Out: Wednesday, November 4
Due: Wednesday, November 18

This is a group assignment. Start early.


Introduction:

This assignment has three parts. Since the assignment contains some Alpha-specific assembly code, you can only work on the assignment on Alpha systems running DIGITAL Unix (ie, orcas or sanjuan); you must submit your work on orcas or sanjuan using the turnin program.

This is a difficult assignment. You should read through all of the source files and get a general idea as to what the structure of the system is like and what is expected of you before you start writing code. You have two weeks to do the assignment, which should give you plenty of time, but we recommend that you start right away.

This assignment is broken down into three parts, the second and third of which rely on the first.

  1. First, you will implement your own thread management system called minithreads in which you will be able to explore what we've been discussing in class about how non-preemptive thread systems work.
  2. In the second part of the assignment, you will write two test applications that demonstrate some classical problems in concurrent programming, as well as stress your thread system.
  3. In the third part of the assignment, you will add preemption to your threads package.


The Threads Package:

The first part of this assignment is to write a non-preemptive thread management package called minithreads. You will be building a USER-LEVEL threads package on top of a kernel-level process. Many operating systems, such as Mach, DEC OSF/1 and some versions of SUN OS provide a similar service. Here's (conceptually) how minithreads will work:
UNIX gives each process a single thread in a single address space. We want to treat that single UNIX thread as a VIRTUAL PROCESSOR, with which we can schedule multiple threads from the same address space. Each thread represents an independent execution context (private registers, stack, some private scheduling state). The single thread provided by the UNIX operating system is time-multiplexed (by you) across the many minithreads within one address space.
In other words, you deal with the VIRTUAL PROCESSOR given to you by UNIX as UNIX treats the PHYSICAL PROCESSOR on which it runs.
In some ways, what we're building in this assignment is a simulation of an operating system kernel scheduler, except we're doing it in user space. There are several reasons to do it this way, rather than to build a system on a bare machine:


Getting Started:

Everything you need to start in in minithreads.tar  Download the file and use the following command to extract the files.
tar xvf minithreads.tar

This will extract all the files into the directory minithreads in the current directory.  You could extract the files into the group work directory. (or personal directory if you want your own copy or want


Part 1. Non-Preemptive Threads:

You must implement the interfaces defined in include/minithread.h and include/synch.h, starting from the skeleton code provided in src/. Place your implementation in a directory named part1. You are not allowed to change files in lib/ or include/.

We are providing you with some low level machine dependent functions for stack allocation and deallocation, and context switching. These are defined in include/minithread_public.h, src/minithread_public.c, include/minithread_md.h and src/sys.S.

In addition, a skeleton test program, src/runtester.c, is provided.
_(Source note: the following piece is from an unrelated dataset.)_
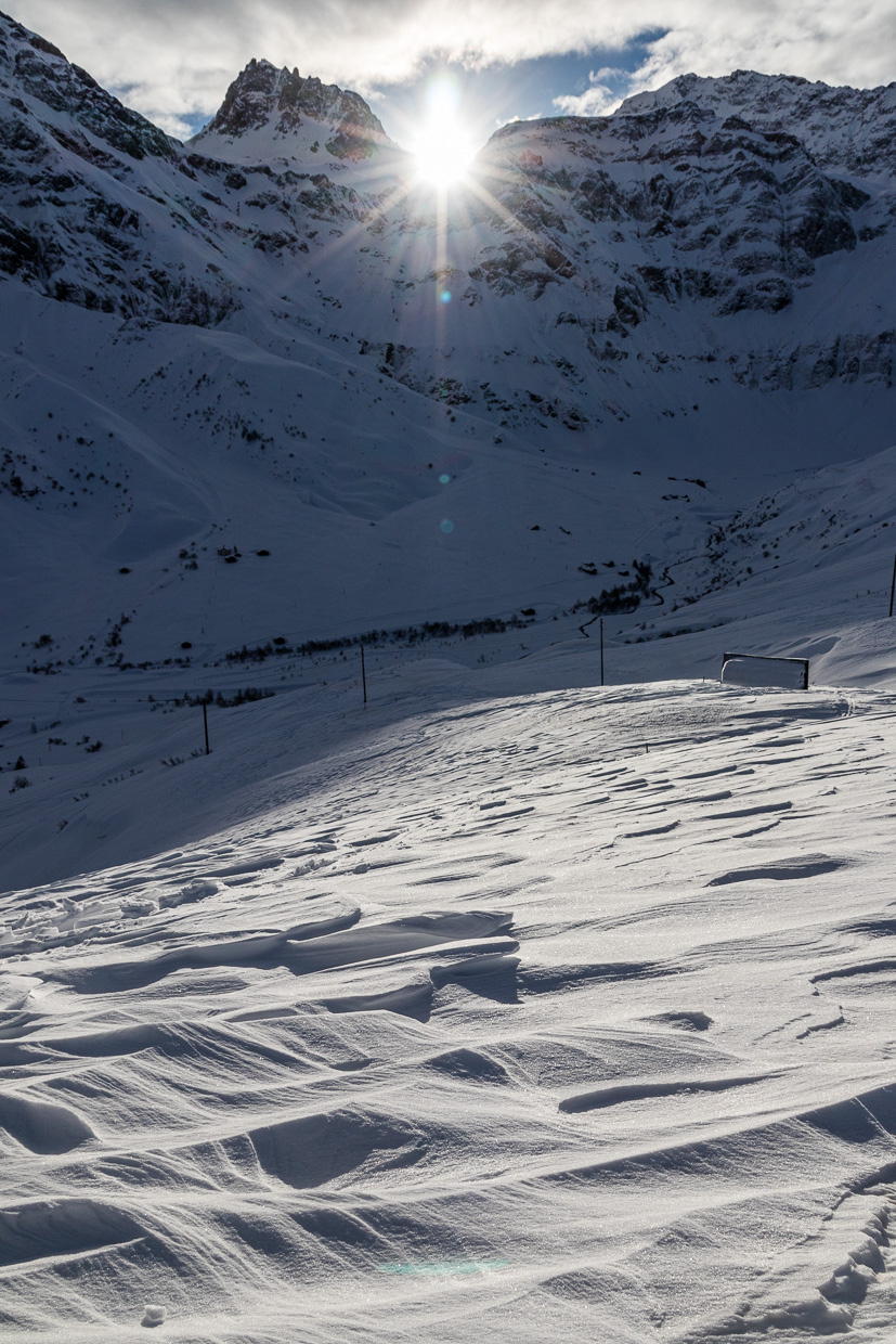 Der folgende Tag ist das pure Gegenteil: Blauer Himmel, der Pulverschnee lockt, obwohl es noch dunkel ist, als wir aus dem Fenster schauen. Wir gehen in den Frühstücksraum, dort prangt eine Girlande: „Happy Birthday“ ruft sie uns entgegen, denn Silvan hat heute Geburtstag. Was für aufmerksame Gastgeber!

You can use the routine tester() in this file to implement test programs for your minithreads package. We will provide our own implementation of tester() so that we can test you code when you hand it in, so please leave the references to runtester.c in the Makefile. Because this version of minithreads will be non-preemptive, you will have to include calls to minithread_yield() at arbitrary points in your test program to ensure that interleaved executions work correctly.

You may implement any scheduling policy that you like, although if you implement something other than FIFO, you should explain your motivations which led you to do so.

There will undoubtedly be functions and data structures that you will want to use that are not reflected in the versions of the header files that we have provided. If those functions and data structures need to be made public, then you should declare them in other header files. For convenience, place your own header files in the part1 directory you created (normally, you would place them in the include directory, but turning in two directories is kind of annoying, so put them in part1). If you add new files don't forget to edit your Makefile and/or run make depend to update dependencies.


Part 2. Applications:

Using your implementation of minithreads, write programs that demonstrate solutions to the following two problems. You should use the semaphores that you implemented above for synchronization. You should stress-test your solution by yielding the processor at arbitrary points within the code. Create a part2 directory to place your solutions in.

Bounded Buffer
Write a solution for the bounded buffer problem. You have one producer thread and one consumer thread. The producer produces random null-terminated character strings and puts them in a buffer pool which can contain at most 10 strings. The consumer takes strings out of the pool and prints them to the screen.

Place your solution to this problem in part2/boundbuf.c. Include a Makefile that produces an executable named boundbuf.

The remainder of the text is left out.